Data provided
--*--

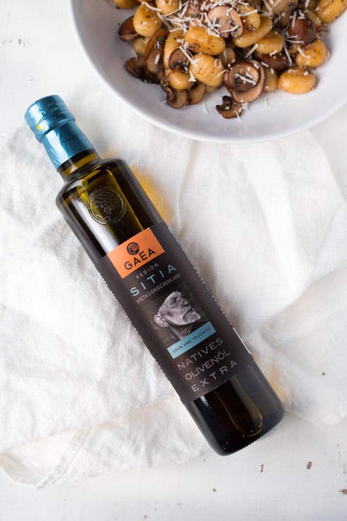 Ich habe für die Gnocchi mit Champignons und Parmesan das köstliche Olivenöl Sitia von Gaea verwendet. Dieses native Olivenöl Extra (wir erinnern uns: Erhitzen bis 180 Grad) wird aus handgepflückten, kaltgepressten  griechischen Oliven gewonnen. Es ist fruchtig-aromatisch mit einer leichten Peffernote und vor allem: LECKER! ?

--*--

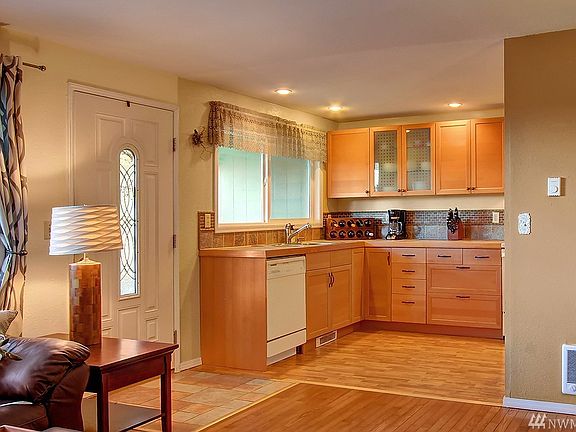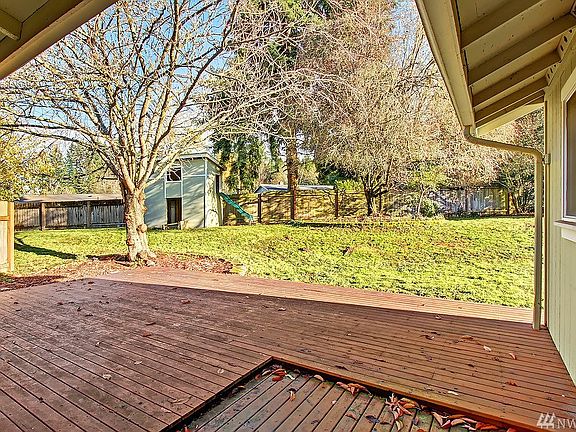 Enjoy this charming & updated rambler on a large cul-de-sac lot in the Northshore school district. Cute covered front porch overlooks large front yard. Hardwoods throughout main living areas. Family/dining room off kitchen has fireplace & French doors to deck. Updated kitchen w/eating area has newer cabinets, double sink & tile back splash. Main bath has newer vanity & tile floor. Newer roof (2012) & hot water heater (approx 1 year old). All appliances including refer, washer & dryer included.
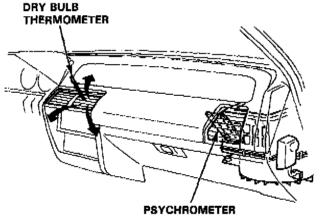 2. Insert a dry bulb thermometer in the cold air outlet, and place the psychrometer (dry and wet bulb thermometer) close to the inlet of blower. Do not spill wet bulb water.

--*--

What is needed
Of the records above, print only the lines from the one containing "Enjoy this charming" through the one containing "2. Insert a", inclusive and unaltered, leaving out pictures.

Response to the task
 Enjoy this charming & updated rambler on a large cul-de-sac lot in the Northshore school district. Cute covered front porch overlooks large front yard. Hardwoods throughout main living areas. Family/dining room off kitchen has fireplace & French doors to deck. Updated kitchen w/eating area has newer cabinets, double sink & tile back splash. Main bath has newer vanity & tile floor. Newer roof (2012) & hot water heater (approx 1 year old). All appliances including refer, washer & dryer included.
 2. Insert a dry bulb thermometer in the cold air outlet, and place the psychrometer (dry and wet bulb thermometer) close to the inlet of blower. Do not spill wet bulb water.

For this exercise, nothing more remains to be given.